28 One could interpret In re Guess as such a case. 393 S.E.2d 833 (N.C. 1990). Guess involved a physician's appeal of the revocation of his license solely because he engaged homeopathic methods in his practice, even though no patient harm had occurred. In responding to Guess's argument that the court's decision would quash any future medical innovation, the court stated, “the development and acceptance of such new practices simply must be achieved by ‘acceptable and prevailing’ methods of medical research, experimentation, testing, and approval by the appropriate regulatory or professional bodies.” Id. at 839. In comparison, a 1980 Florida case held that the state medical board had exceeded its police power when it suspended a physician's license because of his use of chelation therapy in the absence of a demonstration of harm or fraud, and where the physician had clearly “allowed his patients to make their own choice as to whether to begin this treatment after full disclosure that this methodology has not been proven effective, … Dr. Rogers never claimed it was a cure.” State Bd. of Med. Exam'rs v. Rogers, 387 So. 2d 937, 939 (Fla. 1980). See generally Cohen, supra note 9, at 111-32 (discussing the history and litigation of homeopathy, chelation therapy, ozone therapy and other disfavored therapies, and the boundaries of chiropractic practice). The New York law governing the state board for professional medical conduct specifically provides that the board shall include at least two physicians “who dedicate a significant portion of their practice to the use of non-conventional medical treatments.” N.Y. PUB. HEALTH LAW § 230(1) (McKinney 1998).

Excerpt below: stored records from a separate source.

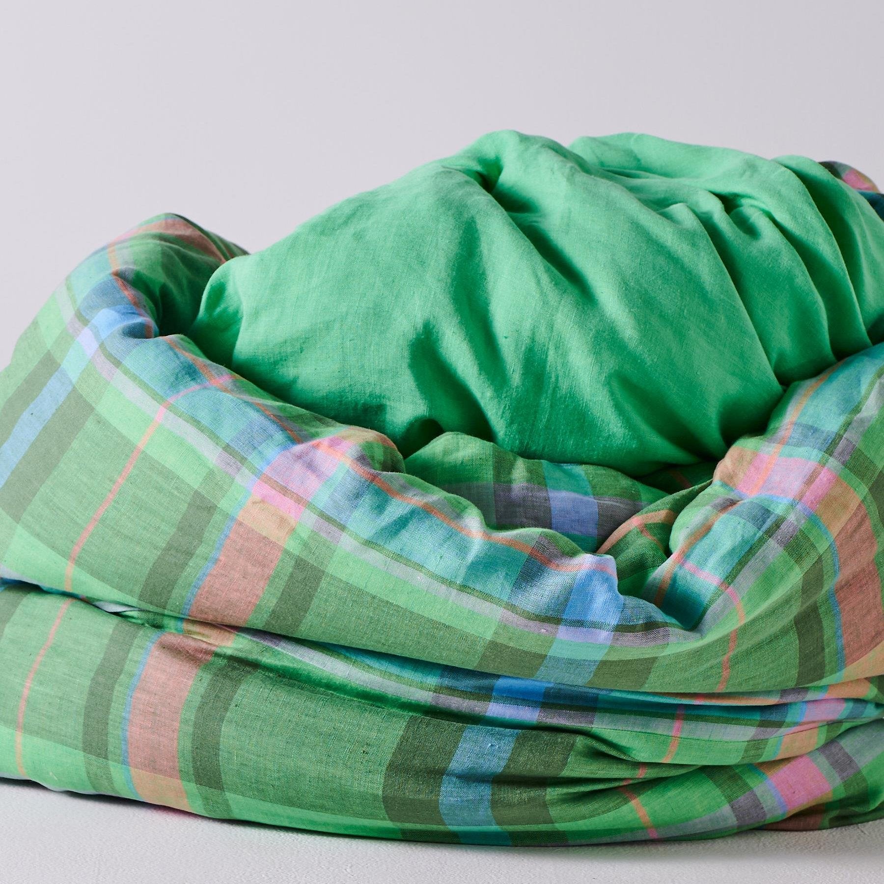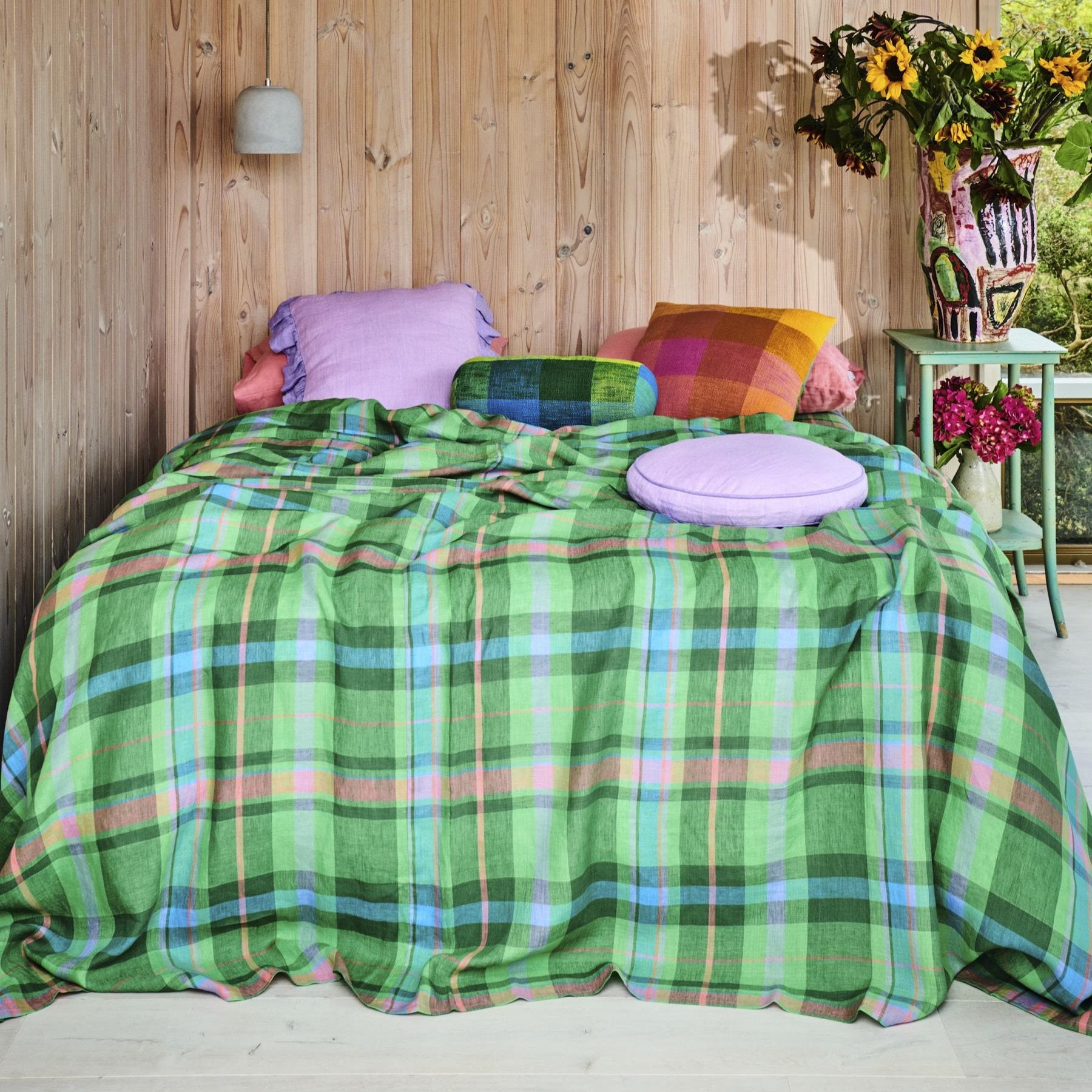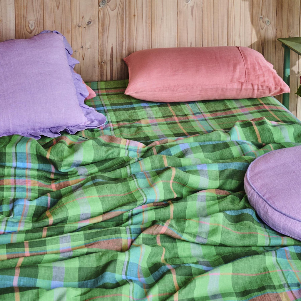 Get lost in the luxe of our sumptuous linen bedding, with buttery soft woven styles that will envelope you in luscious comfort and texture. The Jewel Of The Nile Tartan Linen Quilt Cover feaures a classic Kip&Co tartan pattern, refreshed for the summer ahead featuring jewel green tones with a mix of blue, pink and purple with plain green linen reverse. Pair with matching Jewel Of The Nile Tartan Linen Pillowcases or mix and play with texture, print and colour and build a bed worth dreaming about.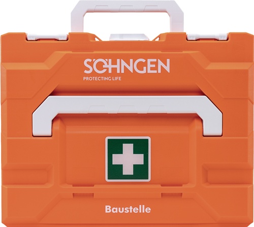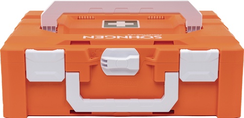 Erste Hilfe für die Baustelle · Inhalt: Füllung nach DIN 13157 plus Zusatzfüllung Baustelle · die metaBOX ist mit gängigen Koffersystemen kompatibel dank Multi-Adapter-Platte (L-BOXX, Systainer T-Loc & Classic Line, TSTAK, MacPac, Metaloc) · Kofferfarbe: orange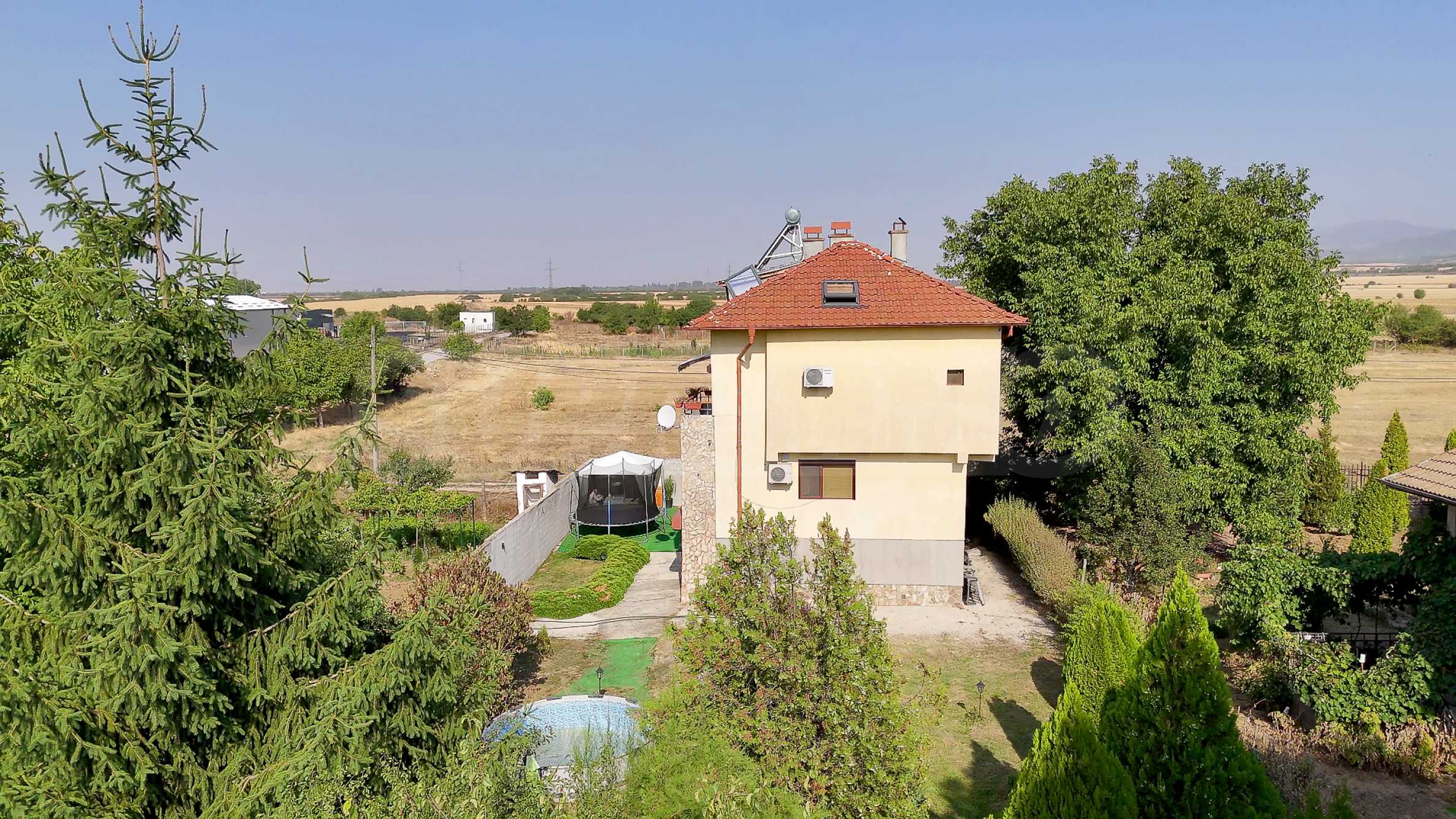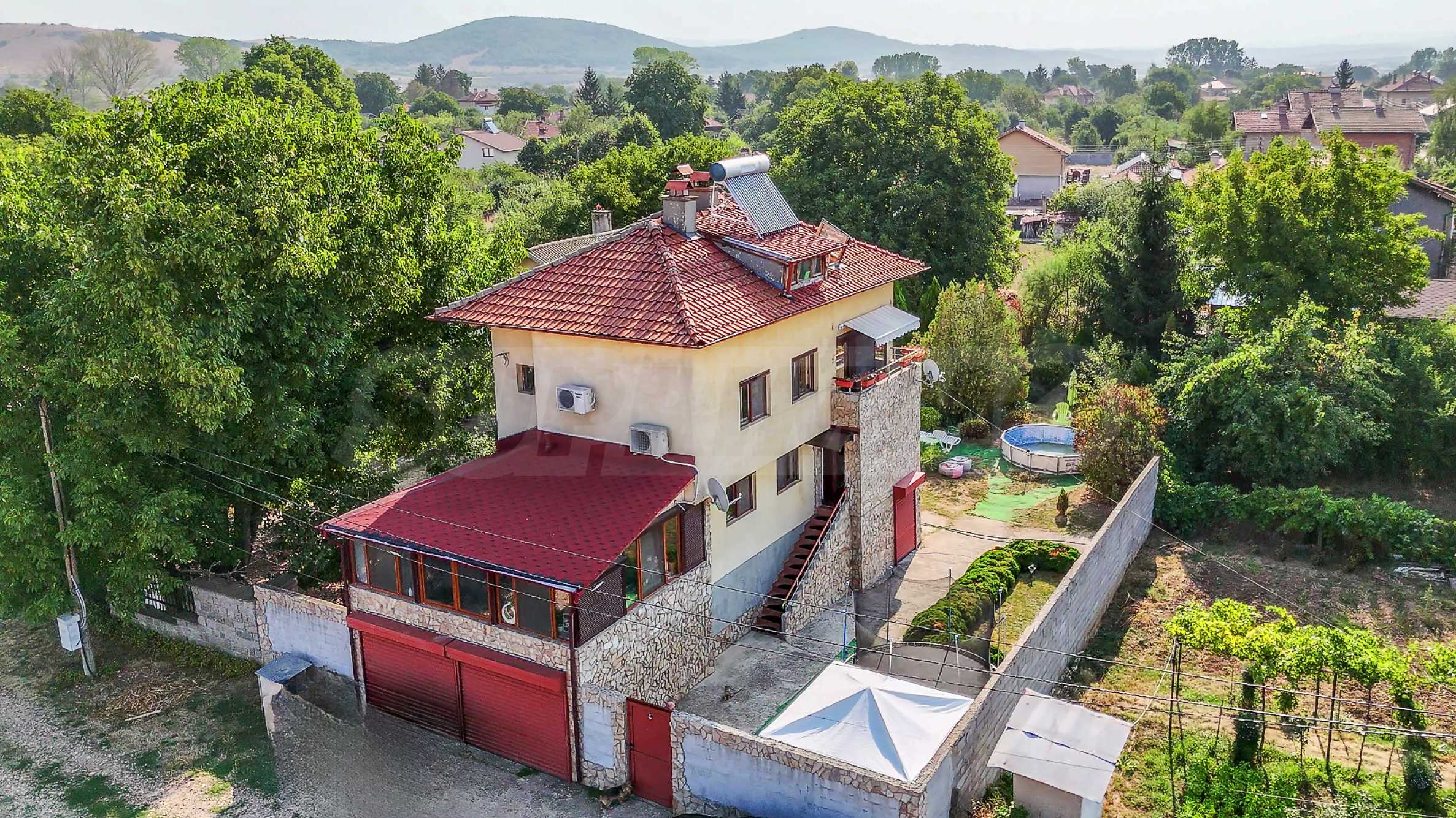 Двуетажна, напълно обзаведена къща с басейн, канализация и два гаража в село Долна Малина

29 Recall that the alternative medicine consumer tends to be educated and more affluent than the average patient. See supra note 4. I disagree with Andrews's suggestion that because it is the more educated and affluent among us who most frequently utilize alternative medicine, consumer protection is a less pressing concern. See Andrews, supra note 3, at 1316. For example, in Charell v. Gonzalez, 660 N.Y.S.2d 665 (Sup. Ct. 1997), the court, in determining whether plaintiff assumed the risks attendant to receiving coffee enemas rather than chemotherapy for her cancer, noted that:

Plaintiff was a well educated person who, together with her husband and daughter, did a significant amount of investigation regarding the treatment being offered by defendant and hence became quite knowledgeable on the subject, and that she sought to avoid the suffering that accompanied the chemotherapy/radiation regimen that she had witnessed when a relative had undertaken treatment.

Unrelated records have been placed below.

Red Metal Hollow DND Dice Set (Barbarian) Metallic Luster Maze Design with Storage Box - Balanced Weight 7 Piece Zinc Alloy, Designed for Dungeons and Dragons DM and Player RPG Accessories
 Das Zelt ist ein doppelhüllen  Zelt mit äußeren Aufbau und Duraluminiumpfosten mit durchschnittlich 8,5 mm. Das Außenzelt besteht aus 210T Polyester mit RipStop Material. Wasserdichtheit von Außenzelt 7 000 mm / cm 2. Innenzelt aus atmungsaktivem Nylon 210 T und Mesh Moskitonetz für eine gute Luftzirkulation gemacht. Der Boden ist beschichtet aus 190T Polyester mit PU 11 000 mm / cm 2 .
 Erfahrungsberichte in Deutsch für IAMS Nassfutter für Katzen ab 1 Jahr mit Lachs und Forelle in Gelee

Id. at 669. The court later indicated its awareness of the controversy between the medical profession and alternative medicine proponents, but noted that “defendant failed to produce a single witness at trial who defended his treatment of plaintiff as medically sound, whereas plaintiff's experts clearly painted him as a charlatan,” and upheld the award of punitive damages. Id. This case supports a view contrary to Andrews's, because the educated and affluent do not stand equal to the scientific and medical knowledge proffered by the “expert,” the physician, especially when ill, or in pain, and desperate for relief. Thus, I contend that some form of consumer protection remains necessary in this area.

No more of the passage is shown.